There’ll be times when I specifically will not engage with a certain piece of information—like, I won’t read [a result] until the camera is rolling—in order to see what happens. I’m not going to pre-educate myself. I’m going to walk in cold and see what occurs. That makes the story a lot more dynamic.
This change to a more serious take on the myths was hinted when it was first announced that the trio of co-stars would be leaving the show, and it still may turn out to be a positive. Having the MythBusters get back to its heavy science roots and away from goofy experiments may bring back some older fans that have drifted away from the show in recent years as it – and the Discovery Channel in general – have become less about education and more about entertainment.
As you might expect, a lot of fans ask for a lot of things to be busted. One of them pointed out in the interview was a minute-long ad from Japan that went viral earlier this year where two girls deep fry shrimp by firing it out of a cannon. In the commercial, everything is set up very similar to how Adam and Jamie run the show, right down to slow-mo cameras and the same type of camera angles. And, to be fair, “firing shrimp out of a cannon to see if it deep fries” sounds like the most MythBusters’ sentence ever, so it wouldn’t be a surprise if they ever end up doing it.

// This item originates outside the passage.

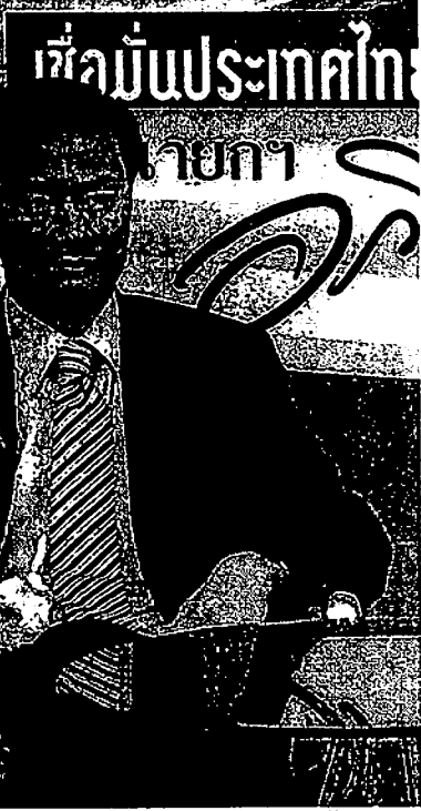
16日、バンコクのテレビ局で、険しい表情を浮かべ演説するアヒシット首相。

タイに本来の民主主義がなかなか根付かない理由には、第二次大戦後の特殊事情もある。政治的対立が深まるたびに、軍のクーデターや国民が敬愛するプミポン国王(左)の「裁定」で決着。超法規的な手法で難局を乗り切ってきたためだ。だが、国王は体調を崩して長期入院中で「政治介入」はできない。政府が国民を納得させる解決策を示さない限り、たとえ今回の騒乱が収束しても、政治的対立は続くだろう。

Another piece of information that was previously known but expanded upon was the fact that Adam and Jamie aren’t really that close of friends. As Adam put it, the two know each other more than many close friends actually do, but they aren’t necessarily friends themselves. This has arguably helped the show more than anything, as some of the duo’s testiest moments are some of the shows most compelling. Seeing them argue and come to a conclusion in the type of scenario where two friends might just rollover and agree with each other is always great TV, and leads to better run experiments.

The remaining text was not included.